Please tell me you are not one of those drivers that REFUSE TIPS coz Papa Uber said we should not? SMDH

I've ubered a 17yr old like 20 times to see his date, movies, theme parks etc and he's a very well behaved kid (after I showed him his 4.2* rating).

he had no idea that his teen antics were messing with his ride acceptance. since then his rating has gone up to 4.8

he always takes $80 round trips, and when I drop him off, I uber in that city, then uber him back

play the system bro, dont run to papa uber all the time


----------



## Snowtop (Nov 11, 2014)

Here is the response I got from Uber 3 months ago regarding unaccompanied minors.

Sep 2, 08:49

Thank you for writing in and let me explain to you the details.

At this time, anyone who is under 18 should be accompanied by an adult while using the service. You can politely inform the parents about our policy in transporting minor passengers.

Feel free to send me an email if you have further questions.

*Mark*
help.uber.com


----------



## oobaah (Oct 6, 2015)

hahahahahahahaha

hahahahahahahaha

hahahahahahahaha

hahahahahahahaha

hahahahahahahaha

ping!


----------



## VegasJeff (Sep 15, 2015)

I think you did the right thing cancelling the trip (regardless of the reason). I'm not convinced you would make any money at all considering how many deadhead miles are involved.

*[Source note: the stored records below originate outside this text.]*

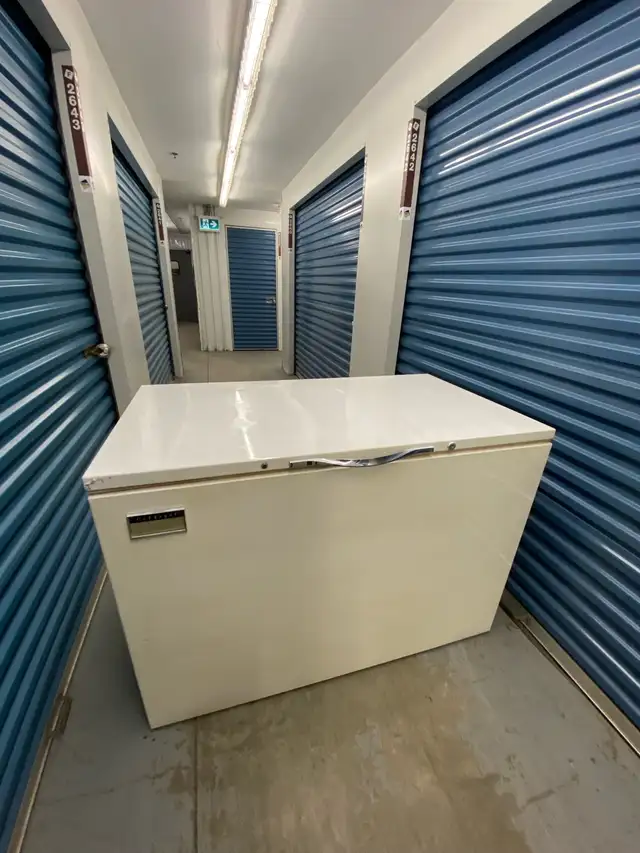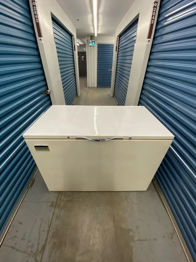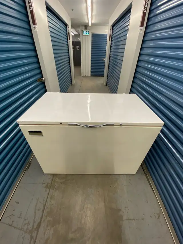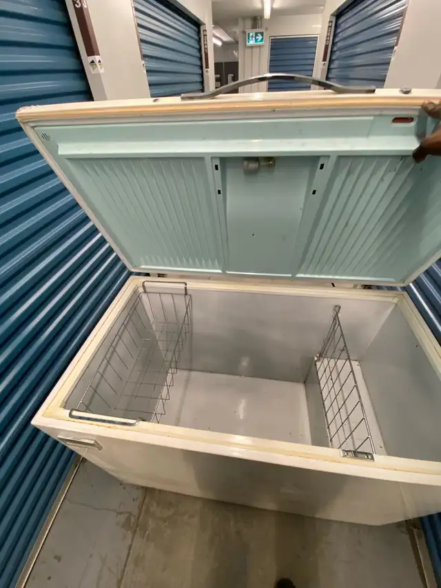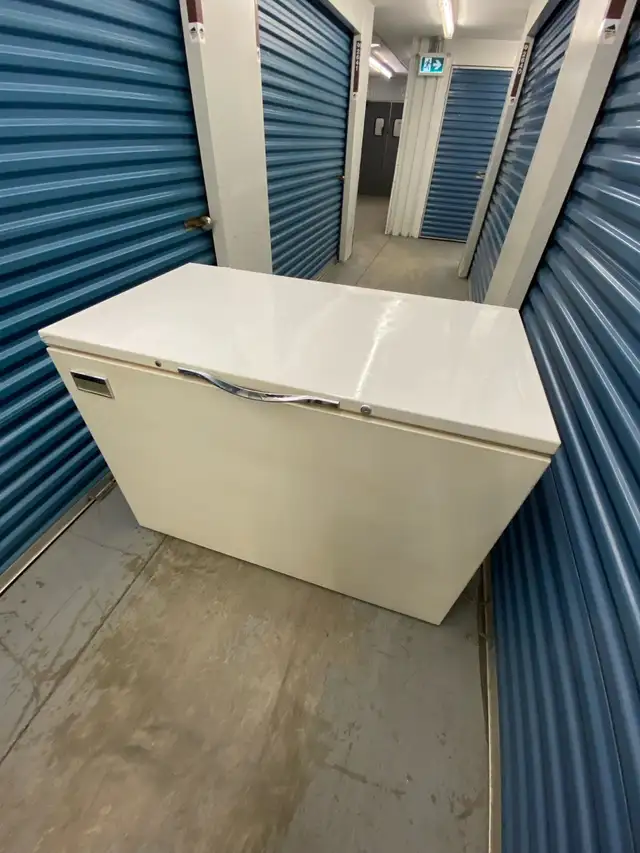 Clean and solid chest freezer available — wide design makes it easy to store a lot without digging deep.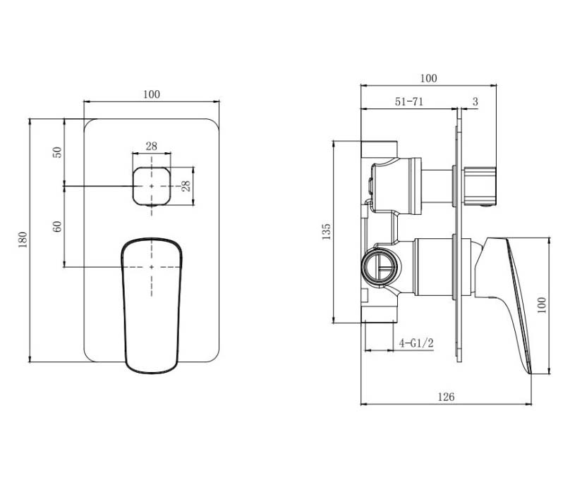 - Встраиваемый смеситель для ванны Акватек Вега черный матовый AQ1046MB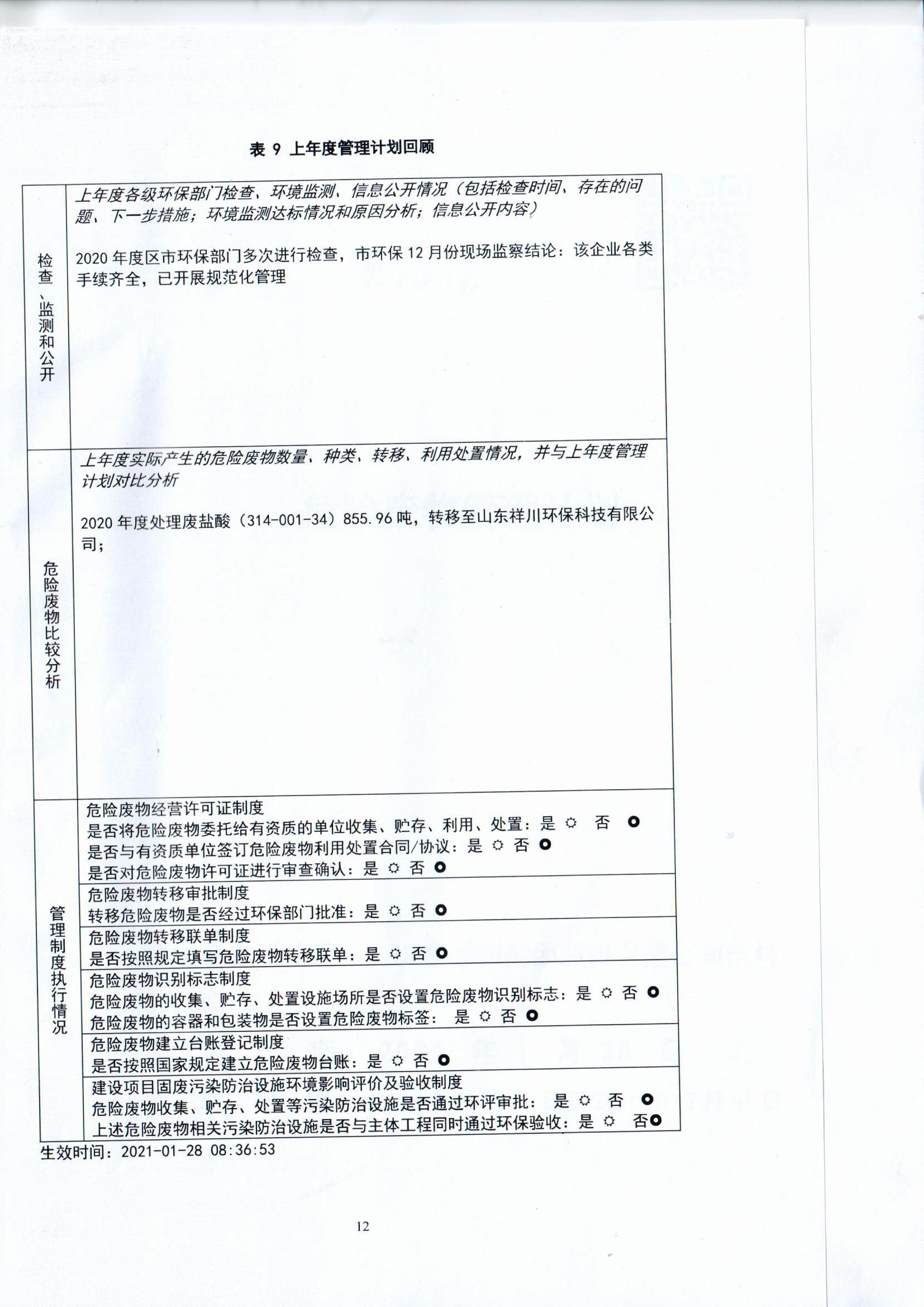 B体育官方开户浩祥分公司2021年度危险废物管理信息公开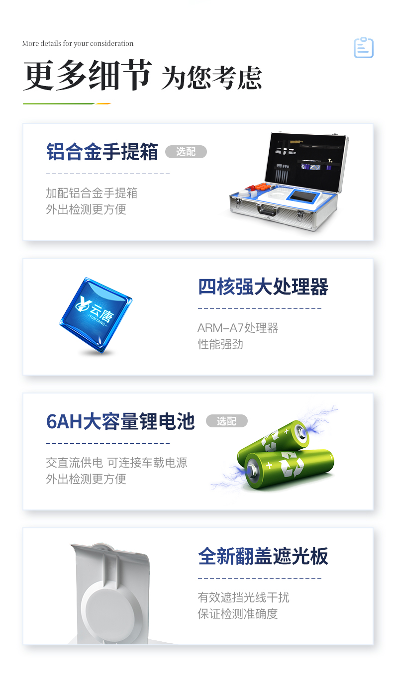 2、儀器檢測模塊標(biāo)準(zhǔn)化、智能化,檢測項(xiàng)目可隨意自由組合。檢測箱體內(nèi)置多個(gè)標(biāo)準(zhǔn)檢測單元,檢測模塊可以調(diào)整配置。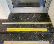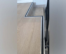 Способ монтажа: алюминиевый порожек без вставки крепится в проем между двумя напольными покрытиями или на ступени при помощи саморезов (идут в комплекте). Затем прорезиненную ПВХ вставку нужно нагреть строительным или обычным феном, либо подержать в горячей воде, чтобы материал стал мягче и легче вошел в паз профиля.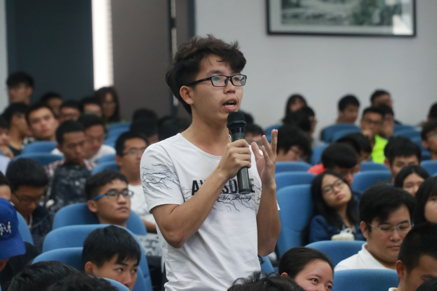 演讲之后,同学们积极举手提问,陈文光教授与在场同学进行了热烈的互动交流。左斌书记为陈文光教授赠送了精美礼品。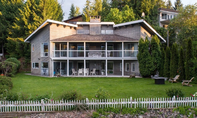Lovely 2 story home with breathtaking views of the mountains and lake from every room. Suited for family vacation or restful retreat. This home features 3 bedrooms and can accommodate 8 people. Beautiful cedar vaulted ceiling in foyer and upper level. 2 gas fireplaces, 2 decks upper and lower, backyard pergola, front yard pergola equipped with outdoor kitchen, propane bbq, bar fridge, counter space and bar seating area. 4-5 person hot tub and outdoor shower, 2 fire tables: one in front and one in backyard. The yard is ideal for young families, with a fruit stand/playhouse and sand pit for young children. Outdoor kennel at your disposal.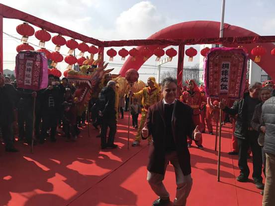 2月28日上午10点,美联·金古城营销中心门口可谓是热闹非凡,锣鼓喧天,舞狮舞龙队伴随着节奏,一展英姿,各类颇具金牛民俗的表演吸引了几千人围观。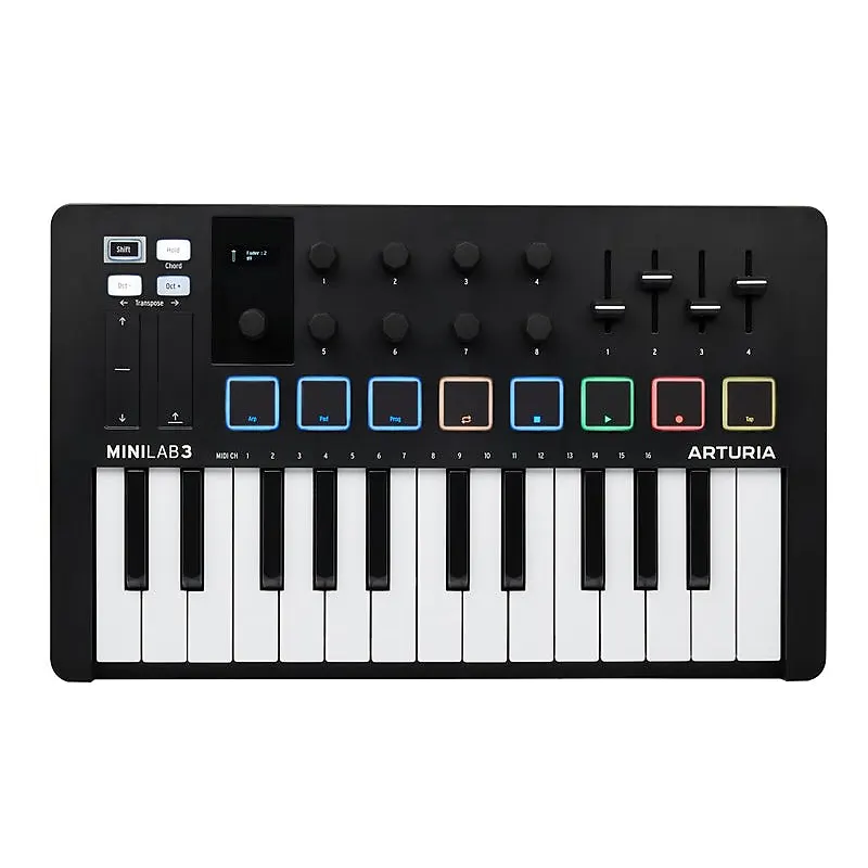 Вы будете играть на MiniLab 3, используя его 25-клавишную клавиатуру с чувствительностью к скорости нажатия и восемь подсвечиваемых пьезоперфоманс-пэдов с поддержкой velocity и aftertouch.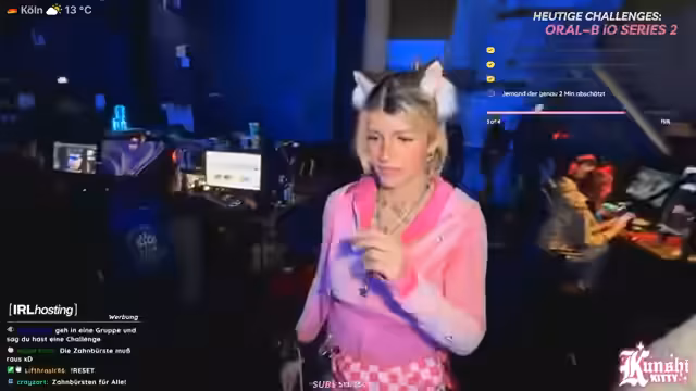 02:37:33Für neu hinzukommende Zuschauer wird der Kontext der Veranstaltung erklärt: Es wird eine Partnerschaft zwischen dem Kanal 'kunshikitty' und Oral-B für die Gamescom-LAN. Gemeinsames Ziel ist das Meistern von vier verschiedenen Challenges, von denen bereits zwei erfolgreich abgeschlossen wurden. Für jede abgeschlossene Challenge gibt es ein Giveaway für die Zuschauer, bei dem eine neue Oral-B IO2 gewonnen werden kann. Der verbleibende Zeitrahmen und die verbleibenden Herausforderungen werden skizziert.

I would like to see your numbers if you think you would turn a profit.


----------



## Hunt to Eat (Nov 19, 2015)

SteamFlyer82 said:


> First fare for the evening was an individual requesting a trip from Northern Tampa to Orlando. An estimated $120 Fare. Needless to mention, I eagerly accepted his route and made sure the passenger was comfortable for his hour and a half ride; offering a bottle of water and candy.
> 
> As the trip progressed out of his neighborhood, he mentioned to me that he was visiting a friend for "pre-celebrations" of his 18th BIRTHDAY ON DECEMBER 23rd.
> 
> ...


This is a joke or a setup to a joke, right? I can't imagine any rational person doing something so foolish. This didn't really happen, did it?


----------



## Hunt to Eat (Nov 19, 2015)

MR5STAR said:


> Yea i woulda took the ride and would have gotten cash for the ride back. ABC


Atta boy! ABC!


----------



## Bob Reynolds (Dec 20, 2014)

RamzFanz said:


> Yeah, you're right, I think it's 12 and under on flights and there is a fee for the stewardess.


What the heck is a stewardess? They got rid of those things in the 70's.

Here is some information for you about this subject:

http://work.chron.com/difference-between-stewardess-flight-attendant-5409.html


----------



## Hunt to Eat (Nov 19, 2015)

Bob Reynolds said:


> What the heck is a stewardess? They got rid of those things in the 70's.
> 
> Here is some information for you about this subject:
> 
> http://work.chron.com/difference-between-stewardess-flight-attendant-5409.html


Man, can you imagine putting in the effort to earn a college degree, only to take a job as a flight attendant?


----------



## Bob Reynolds (Dec 20, 2014)

Hunt to Eat said:


> Man, can you imagine putting in the effort to earn a college degree, only to take a job as a flight attendant?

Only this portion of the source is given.